Knowledge representation learning is a critical component of using knowledge since it bridges the gap between knowledge systems that store knowledge and applications that require knowledge. We systemically describe existing methods for knowledge representation learning. Further, we discuss several advanced approaches that deal with the current challenges of knowledge representation learning. For further understanding of knowledge graph representation learning, more related papers can be found in this paper list.Footnote 4 There are also some recommended surveys and books [6, 73, 102, 116, 161].

After introducing knowledge representation learning, we introduce the framework of knowledge-guided learning, aiming to improve NLP models with knowledge representations. The framework includes four important directions: knowledge augmentation, knowledge reformulation, knowledge regularization, and knowledge transfer. All these four directions of knowledge-guided learning have been widely advanced in the past few years. Following these four directions, we review typical cases to clarify this knowledge-guided framework, covering information extraction, information retrieval, language modeling, and text generation. Considering the breakthroughs of PTMs, we also use prompts as an example to show the recent trend of knowledge transfer in the era of PTMs. We suggest readers to find further insights from the recent surveys and books about knowledge and PTMs [9, 60, 193].
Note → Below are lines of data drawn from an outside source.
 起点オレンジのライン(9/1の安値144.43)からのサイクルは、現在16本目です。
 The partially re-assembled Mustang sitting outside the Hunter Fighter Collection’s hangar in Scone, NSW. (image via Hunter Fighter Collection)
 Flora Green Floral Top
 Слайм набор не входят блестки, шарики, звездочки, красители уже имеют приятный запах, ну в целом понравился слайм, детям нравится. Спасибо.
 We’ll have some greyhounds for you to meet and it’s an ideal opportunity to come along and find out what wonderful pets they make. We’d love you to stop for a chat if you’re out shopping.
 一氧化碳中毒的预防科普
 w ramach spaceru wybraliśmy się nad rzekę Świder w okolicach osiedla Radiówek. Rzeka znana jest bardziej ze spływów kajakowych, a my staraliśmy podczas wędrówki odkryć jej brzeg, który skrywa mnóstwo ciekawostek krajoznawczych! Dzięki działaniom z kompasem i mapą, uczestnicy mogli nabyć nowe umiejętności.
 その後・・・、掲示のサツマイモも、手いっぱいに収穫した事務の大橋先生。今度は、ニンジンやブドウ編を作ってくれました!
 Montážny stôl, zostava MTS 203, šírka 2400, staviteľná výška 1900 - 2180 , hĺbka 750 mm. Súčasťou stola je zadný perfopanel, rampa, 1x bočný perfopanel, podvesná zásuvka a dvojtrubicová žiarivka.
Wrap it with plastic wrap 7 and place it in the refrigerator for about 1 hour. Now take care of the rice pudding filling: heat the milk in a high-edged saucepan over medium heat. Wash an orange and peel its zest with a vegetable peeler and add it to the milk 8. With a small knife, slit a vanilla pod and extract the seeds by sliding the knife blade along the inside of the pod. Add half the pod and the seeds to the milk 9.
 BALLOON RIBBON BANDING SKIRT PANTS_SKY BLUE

Based on knowledge representation learning and knowledge-guided learning, we introduce how to acquire more knowledge from plain text to enrich existing knowledge systems. We systematically review knowledge acquisition methods in various textual scenarios, including sentence-level, bag-level, document-level, few-shot, and open-domain acquisition. In this field, we refer further readings to the paper listFootnote 5 and the typical surveys [57, 73].